## Brief
Lift out all lines below that contain "vertical".
——————————
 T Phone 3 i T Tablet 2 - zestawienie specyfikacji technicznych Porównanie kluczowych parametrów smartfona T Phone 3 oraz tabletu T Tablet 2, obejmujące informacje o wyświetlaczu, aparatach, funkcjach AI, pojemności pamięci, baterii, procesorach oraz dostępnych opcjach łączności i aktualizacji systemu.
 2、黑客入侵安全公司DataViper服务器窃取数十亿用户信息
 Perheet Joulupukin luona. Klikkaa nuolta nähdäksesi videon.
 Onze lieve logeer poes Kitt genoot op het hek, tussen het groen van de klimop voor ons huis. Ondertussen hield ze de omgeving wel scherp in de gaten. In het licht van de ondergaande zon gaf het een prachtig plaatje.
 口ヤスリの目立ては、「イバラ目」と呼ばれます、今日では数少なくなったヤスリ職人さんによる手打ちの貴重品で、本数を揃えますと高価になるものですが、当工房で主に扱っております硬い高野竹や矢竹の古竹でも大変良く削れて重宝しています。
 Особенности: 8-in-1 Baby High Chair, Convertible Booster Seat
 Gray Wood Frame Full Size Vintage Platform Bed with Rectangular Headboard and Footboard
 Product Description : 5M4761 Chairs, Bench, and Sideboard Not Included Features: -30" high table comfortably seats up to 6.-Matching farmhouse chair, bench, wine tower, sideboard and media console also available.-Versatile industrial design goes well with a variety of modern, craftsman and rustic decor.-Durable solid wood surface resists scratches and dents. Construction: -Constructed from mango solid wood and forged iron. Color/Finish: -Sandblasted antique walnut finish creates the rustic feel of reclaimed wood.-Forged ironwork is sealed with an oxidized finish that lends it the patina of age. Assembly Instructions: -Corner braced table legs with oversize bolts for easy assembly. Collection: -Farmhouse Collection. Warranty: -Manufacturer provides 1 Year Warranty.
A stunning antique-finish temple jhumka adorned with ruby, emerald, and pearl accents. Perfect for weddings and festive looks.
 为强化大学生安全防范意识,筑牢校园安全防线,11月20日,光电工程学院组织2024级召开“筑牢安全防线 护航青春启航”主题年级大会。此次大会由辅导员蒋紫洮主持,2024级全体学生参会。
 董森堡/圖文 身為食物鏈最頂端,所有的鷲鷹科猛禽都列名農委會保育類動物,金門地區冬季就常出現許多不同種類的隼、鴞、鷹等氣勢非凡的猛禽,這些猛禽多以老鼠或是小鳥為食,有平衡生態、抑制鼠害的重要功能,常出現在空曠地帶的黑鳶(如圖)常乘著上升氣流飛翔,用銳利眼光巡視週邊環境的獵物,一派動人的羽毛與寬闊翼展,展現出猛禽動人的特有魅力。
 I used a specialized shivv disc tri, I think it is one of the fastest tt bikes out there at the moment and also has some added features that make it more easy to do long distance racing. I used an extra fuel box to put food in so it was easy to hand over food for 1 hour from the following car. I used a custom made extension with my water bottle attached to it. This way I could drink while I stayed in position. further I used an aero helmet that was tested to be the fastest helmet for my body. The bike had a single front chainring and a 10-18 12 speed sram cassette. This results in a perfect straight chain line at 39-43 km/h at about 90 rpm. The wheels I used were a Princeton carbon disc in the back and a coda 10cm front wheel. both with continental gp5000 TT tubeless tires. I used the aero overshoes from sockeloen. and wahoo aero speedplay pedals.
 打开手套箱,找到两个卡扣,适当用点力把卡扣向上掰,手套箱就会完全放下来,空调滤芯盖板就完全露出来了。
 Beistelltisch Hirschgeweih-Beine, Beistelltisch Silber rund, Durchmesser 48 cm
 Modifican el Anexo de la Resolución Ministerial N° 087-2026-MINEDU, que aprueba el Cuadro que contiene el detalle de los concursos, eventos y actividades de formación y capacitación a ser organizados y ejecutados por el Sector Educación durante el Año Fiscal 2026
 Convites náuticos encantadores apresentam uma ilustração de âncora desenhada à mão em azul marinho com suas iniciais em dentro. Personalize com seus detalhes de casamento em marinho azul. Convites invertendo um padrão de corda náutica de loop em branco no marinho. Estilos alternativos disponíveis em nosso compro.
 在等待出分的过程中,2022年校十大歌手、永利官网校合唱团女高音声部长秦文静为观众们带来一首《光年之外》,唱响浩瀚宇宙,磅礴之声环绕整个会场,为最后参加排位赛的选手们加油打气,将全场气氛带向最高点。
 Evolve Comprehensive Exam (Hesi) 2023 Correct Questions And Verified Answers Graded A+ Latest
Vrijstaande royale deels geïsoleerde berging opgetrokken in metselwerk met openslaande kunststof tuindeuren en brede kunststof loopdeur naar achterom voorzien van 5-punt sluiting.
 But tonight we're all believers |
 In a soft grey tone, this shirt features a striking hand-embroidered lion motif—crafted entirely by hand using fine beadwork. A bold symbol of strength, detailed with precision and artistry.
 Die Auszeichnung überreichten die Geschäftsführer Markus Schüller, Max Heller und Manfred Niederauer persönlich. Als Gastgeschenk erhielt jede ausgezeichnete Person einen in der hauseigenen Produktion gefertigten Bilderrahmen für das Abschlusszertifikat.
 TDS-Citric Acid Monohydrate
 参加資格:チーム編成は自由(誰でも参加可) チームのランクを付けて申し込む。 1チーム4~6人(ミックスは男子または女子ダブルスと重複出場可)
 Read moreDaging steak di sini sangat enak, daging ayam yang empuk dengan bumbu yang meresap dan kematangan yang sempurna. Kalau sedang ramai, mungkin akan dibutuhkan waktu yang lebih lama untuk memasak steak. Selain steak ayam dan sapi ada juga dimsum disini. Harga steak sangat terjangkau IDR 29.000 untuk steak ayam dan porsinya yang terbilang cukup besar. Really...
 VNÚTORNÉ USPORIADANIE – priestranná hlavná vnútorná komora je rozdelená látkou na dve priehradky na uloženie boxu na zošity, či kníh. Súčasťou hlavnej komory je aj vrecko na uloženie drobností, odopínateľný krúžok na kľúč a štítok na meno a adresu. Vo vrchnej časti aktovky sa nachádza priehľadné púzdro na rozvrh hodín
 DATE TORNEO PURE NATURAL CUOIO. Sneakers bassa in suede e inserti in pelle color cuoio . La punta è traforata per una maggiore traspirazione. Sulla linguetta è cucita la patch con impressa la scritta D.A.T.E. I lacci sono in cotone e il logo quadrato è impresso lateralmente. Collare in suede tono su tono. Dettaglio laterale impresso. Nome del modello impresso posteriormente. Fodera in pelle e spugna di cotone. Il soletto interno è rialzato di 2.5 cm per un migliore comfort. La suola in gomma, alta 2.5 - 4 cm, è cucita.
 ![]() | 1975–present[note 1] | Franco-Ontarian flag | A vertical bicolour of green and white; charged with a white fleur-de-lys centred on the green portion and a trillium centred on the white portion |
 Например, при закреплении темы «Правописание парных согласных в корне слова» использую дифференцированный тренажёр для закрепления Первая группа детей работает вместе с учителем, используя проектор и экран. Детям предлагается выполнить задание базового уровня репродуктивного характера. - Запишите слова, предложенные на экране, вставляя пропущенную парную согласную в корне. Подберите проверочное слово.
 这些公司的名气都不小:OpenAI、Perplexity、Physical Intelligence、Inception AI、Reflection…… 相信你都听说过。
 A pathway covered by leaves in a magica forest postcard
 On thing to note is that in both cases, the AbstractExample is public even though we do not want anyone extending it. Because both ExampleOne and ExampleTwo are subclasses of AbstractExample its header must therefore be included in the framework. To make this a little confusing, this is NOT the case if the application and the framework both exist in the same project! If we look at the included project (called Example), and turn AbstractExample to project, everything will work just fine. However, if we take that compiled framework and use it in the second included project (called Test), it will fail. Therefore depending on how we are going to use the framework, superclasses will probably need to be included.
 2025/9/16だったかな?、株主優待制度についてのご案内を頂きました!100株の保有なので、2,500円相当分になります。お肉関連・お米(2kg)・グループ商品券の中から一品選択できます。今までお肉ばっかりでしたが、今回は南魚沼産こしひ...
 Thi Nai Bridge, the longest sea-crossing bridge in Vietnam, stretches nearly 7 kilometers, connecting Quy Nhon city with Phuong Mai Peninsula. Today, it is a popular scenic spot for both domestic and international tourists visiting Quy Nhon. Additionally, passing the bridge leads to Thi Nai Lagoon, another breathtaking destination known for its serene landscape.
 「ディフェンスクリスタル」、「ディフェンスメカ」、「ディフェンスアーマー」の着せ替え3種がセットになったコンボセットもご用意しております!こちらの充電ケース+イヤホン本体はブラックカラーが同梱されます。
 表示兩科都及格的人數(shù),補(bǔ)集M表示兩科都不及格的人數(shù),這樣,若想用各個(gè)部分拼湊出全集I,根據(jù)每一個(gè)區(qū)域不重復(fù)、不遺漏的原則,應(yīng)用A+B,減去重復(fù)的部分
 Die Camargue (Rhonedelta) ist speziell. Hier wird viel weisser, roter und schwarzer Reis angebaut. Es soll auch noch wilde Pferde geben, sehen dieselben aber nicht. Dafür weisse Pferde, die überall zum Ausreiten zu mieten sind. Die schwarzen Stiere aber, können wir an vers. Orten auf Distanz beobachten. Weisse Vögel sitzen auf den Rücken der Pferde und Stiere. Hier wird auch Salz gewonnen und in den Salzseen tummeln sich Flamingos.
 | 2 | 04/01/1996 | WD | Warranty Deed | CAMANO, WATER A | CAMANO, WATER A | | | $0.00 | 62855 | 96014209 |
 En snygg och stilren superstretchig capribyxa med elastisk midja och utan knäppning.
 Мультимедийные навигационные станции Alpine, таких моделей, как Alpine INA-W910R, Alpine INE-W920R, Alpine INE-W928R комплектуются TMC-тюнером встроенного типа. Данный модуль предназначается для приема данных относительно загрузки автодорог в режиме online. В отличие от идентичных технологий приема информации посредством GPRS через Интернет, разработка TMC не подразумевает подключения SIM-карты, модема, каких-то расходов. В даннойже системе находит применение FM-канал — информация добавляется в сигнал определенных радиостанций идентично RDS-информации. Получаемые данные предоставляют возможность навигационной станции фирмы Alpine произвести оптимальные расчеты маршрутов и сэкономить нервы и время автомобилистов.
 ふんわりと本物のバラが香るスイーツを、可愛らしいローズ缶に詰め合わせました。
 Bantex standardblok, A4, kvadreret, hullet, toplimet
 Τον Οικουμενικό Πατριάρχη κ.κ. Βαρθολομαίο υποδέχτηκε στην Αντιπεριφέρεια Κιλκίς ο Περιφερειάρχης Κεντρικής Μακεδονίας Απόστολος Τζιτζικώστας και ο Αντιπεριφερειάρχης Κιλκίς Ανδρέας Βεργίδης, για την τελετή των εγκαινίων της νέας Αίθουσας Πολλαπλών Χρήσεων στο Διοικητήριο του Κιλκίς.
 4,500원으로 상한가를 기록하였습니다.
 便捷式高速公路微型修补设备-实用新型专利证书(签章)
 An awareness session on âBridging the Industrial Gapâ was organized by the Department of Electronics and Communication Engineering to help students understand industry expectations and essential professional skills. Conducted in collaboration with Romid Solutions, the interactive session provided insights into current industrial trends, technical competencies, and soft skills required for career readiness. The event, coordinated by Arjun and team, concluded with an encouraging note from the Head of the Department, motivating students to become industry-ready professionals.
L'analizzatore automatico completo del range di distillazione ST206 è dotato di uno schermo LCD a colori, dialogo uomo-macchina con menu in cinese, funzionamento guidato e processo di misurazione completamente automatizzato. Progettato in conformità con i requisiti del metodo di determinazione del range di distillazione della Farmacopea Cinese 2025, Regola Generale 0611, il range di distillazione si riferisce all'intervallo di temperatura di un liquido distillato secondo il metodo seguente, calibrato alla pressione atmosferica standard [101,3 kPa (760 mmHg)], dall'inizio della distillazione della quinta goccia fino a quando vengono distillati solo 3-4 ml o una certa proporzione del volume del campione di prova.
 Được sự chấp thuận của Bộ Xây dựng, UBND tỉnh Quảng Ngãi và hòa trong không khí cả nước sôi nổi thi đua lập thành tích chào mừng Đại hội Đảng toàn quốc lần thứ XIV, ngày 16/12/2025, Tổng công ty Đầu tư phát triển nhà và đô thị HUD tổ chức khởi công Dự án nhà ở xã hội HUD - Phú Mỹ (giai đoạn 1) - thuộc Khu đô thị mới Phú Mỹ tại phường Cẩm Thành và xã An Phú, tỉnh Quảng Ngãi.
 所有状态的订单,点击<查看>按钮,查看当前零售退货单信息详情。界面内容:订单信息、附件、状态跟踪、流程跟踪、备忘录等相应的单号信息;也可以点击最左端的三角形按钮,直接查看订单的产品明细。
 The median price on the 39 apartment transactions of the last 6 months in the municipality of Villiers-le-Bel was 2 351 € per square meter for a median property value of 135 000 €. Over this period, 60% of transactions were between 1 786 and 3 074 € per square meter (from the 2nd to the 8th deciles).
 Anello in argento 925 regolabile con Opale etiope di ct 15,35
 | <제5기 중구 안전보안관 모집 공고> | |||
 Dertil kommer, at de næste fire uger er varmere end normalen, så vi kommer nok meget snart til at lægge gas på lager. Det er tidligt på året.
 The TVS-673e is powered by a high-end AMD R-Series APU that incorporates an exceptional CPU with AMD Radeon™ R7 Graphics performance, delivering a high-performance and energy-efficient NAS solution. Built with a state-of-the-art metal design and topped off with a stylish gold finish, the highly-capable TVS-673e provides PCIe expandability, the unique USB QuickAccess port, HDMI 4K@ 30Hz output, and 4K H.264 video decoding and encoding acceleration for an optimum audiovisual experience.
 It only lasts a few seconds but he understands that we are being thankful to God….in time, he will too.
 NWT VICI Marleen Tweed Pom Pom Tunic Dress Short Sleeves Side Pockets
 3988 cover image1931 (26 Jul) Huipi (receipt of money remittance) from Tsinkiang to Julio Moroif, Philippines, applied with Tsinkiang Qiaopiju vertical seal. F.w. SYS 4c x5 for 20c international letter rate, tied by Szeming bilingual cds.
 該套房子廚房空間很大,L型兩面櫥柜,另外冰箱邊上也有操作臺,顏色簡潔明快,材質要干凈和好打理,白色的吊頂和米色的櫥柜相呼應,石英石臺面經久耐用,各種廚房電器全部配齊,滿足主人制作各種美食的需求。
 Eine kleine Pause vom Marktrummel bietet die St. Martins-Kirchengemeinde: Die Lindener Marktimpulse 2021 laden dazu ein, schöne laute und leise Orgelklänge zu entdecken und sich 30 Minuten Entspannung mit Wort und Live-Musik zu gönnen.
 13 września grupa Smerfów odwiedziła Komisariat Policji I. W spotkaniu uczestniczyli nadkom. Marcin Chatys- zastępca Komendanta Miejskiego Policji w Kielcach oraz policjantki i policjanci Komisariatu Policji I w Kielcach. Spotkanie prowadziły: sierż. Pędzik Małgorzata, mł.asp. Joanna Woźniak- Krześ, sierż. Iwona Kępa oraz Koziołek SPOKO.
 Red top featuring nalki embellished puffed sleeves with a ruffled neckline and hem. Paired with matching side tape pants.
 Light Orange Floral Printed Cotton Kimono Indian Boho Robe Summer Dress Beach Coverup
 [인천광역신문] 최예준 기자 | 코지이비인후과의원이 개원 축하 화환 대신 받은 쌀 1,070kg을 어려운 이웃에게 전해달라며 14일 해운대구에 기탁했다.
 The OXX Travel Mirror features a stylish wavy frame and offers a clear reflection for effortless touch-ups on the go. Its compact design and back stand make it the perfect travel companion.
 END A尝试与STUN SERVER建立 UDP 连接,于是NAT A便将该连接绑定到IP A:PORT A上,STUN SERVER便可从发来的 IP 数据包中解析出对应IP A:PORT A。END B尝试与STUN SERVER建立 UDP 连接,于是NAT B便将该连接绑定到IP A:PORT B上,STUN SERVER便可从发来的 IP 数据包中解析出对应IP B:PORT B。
——————————
## Solved exercise
 ![]() | 1975–present[note 1] | Franco-Ontarian flag | A vertical bicolour of green and white; charged with a white fleur-de-lys centred on the green portion and a trillium centred on the white portion |
 3988 cover image1931 (26 Jul) Huipi (receipt of money remittance) from Tsinkiang to Julio Moroif, Philippines, applied with Tsinkiang Qiaopiju vertical seal. F.w. SYS 4c x5 for 20c international letter rate, tied by Szeming bilingual cds.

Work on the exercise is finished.